▶ [TASK INSTRUCTIONS] Your copy starts at the line containing "Phone 5sはSnapdragon 888+を搭載。ベースではSnapdragon" and ends at the last line of the material below. Reproduce those lines exactly, with no pictures.
[[ DATA open ]]
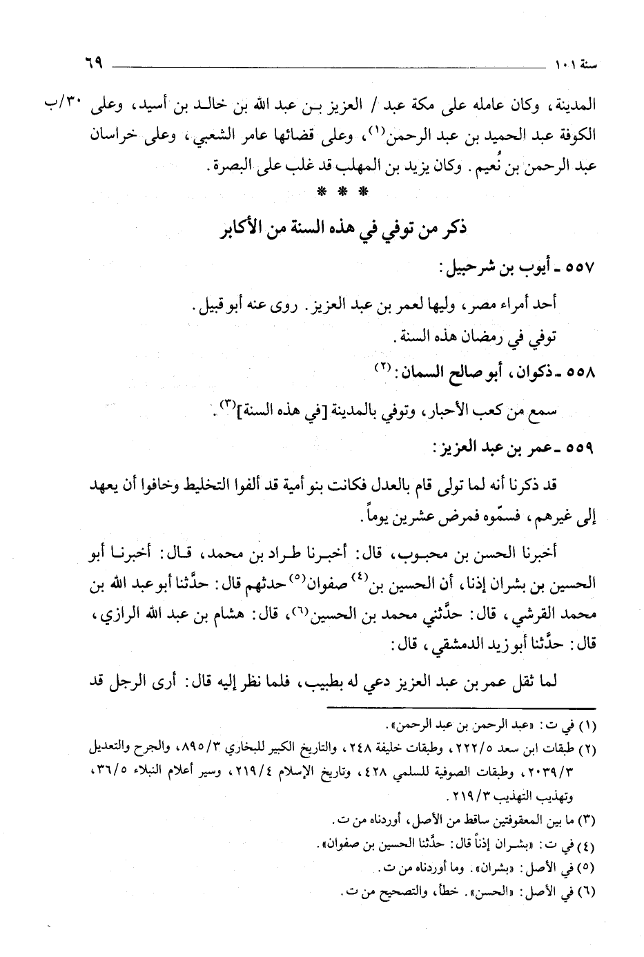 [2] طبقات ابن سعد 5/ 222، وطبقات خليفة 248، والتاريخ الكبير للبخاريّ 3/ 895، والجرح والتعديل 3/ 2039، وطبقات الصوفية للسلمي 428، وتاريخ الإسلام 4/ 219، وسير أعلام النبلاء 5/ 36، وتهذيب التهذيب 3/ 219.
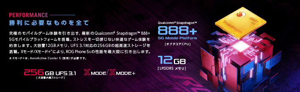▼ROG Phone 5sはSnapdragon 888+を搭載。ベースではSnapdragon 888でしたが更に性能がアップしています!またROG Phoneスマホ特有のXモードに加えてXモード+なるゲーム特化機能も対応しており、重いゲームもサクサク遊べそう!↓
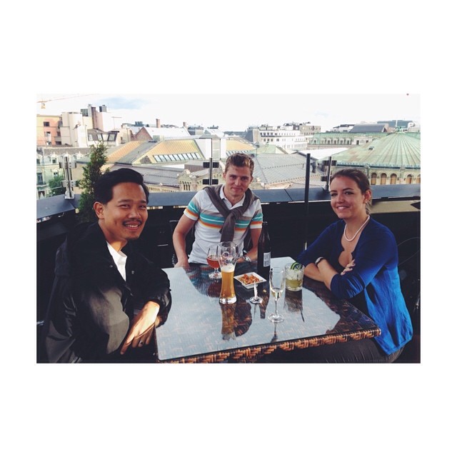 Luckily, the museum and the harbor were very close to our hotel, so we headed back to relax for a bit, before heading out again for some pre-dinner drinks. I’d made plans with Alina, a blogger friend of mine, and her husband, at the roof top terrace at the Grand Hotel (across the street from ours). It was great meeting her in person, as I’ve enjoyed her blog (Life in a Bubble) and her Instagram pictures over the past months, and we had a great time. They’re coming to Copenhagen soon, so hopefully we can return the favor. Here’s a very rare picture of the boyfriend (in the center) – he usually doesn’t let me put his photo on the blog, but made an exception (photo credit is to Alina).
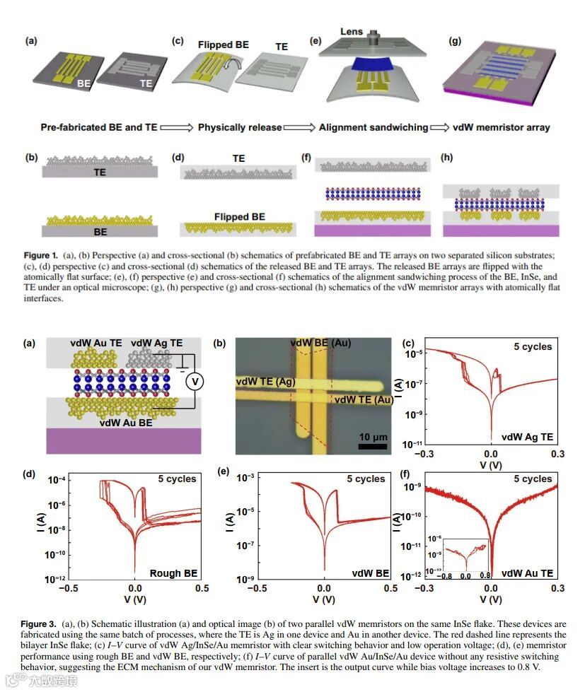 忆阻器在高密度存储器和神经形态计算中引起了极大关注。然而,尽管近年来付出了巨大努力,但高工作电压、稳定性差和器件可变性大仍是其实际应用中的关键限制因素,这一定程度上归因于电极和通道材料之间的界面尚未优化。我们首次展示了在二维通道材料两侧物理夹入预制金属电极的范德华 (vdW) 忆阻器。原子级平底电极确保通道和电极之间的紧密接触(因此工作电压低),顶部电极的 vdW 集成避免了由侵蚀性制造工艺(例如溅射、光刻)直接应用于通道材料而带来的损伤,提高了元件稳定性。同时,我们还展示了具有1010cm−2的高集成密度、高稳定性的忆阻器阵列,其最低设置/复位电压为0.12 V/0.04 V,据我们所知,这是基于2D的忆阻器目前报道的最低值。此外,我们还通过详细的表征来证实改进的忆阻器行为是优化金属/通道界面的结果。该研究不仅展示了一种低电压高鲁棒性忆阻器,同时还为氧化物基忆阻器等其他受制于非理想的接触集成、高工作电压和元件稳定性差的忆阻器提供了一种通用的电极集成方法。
[[ DATA closed ]]
▶ [EXERCISE RESPONSE]
▼ROG Phone 5sはSnapdragon 888+を搭載。ベースではSnapdragon 888でしたが更に性能がアップしています!またROG Phoneスマホ特有のXモードに加えてXモード+なるゲーム特化機能も対応しており、重いゲームもサクサク遊べそう!↓
 Luckily, the museum and the harbor were very close to our hotel, so we headed back to relax for a bit, before heading out again for some pre-dinner drinks. I’d made plans with Alina, a blogger friend of mine, and her husband, at the roof top terrace at the Grand Hotel (across the street from ours). It was great meeting her in person, as I’ve enjoyed her blog (Life in a Bubble) and her Instagram pictures over the past months, and we had a great time. They’re coming to Copenhagen soon, so hopefully we can return the favor. Here’s a very rare picture of the boyfriend (in the center) – he usually doesn’t let me put his photo on the blog, but made an exception (photo credit is to Alina).
 忆阻器在高密度存储器和神经形态计算中引起了极大关注。然而,尽管近年来付出了巨大努力,但高工作电压、稳定性差和器件可变性大仍是其实际应用中的关键限制因素,这一定程度上归因于电极和通道材料之间的界面尚未优化。我们首次展示了在二维通道材料两侧物理夹入预制金属电极的范德华 (vdW) 忆阻器。原子级平底电极确保通道和电极之间的紧密接触(因此工作电压低),顶部电极的 vdW 集成避免了由侵蚀性制造工艺(例如溅射、光刻)直接应用于通道材料而带来的损伤,提高了元件稳定性。同时,我们还展示了具有1010cm−2的高集成密度、高稳定性的忆阻器阵列,其最低设置/复位电压为0.12 V/0.04 V,据我们所知,这是基于2D的忆阻器目前报道的最低值。此外,我们还通过详细的表征来证实改进的忆阻器行为是优化金属/通道界面的结果。该研究不仅展示了一种低电压高鲁棒性忆阻器,同时还为氧化物基忆阻器等其他受制于非理想的接触集成、高工作电压和元件稳定性差的忆阻器提供了一种通用的电极集成方法。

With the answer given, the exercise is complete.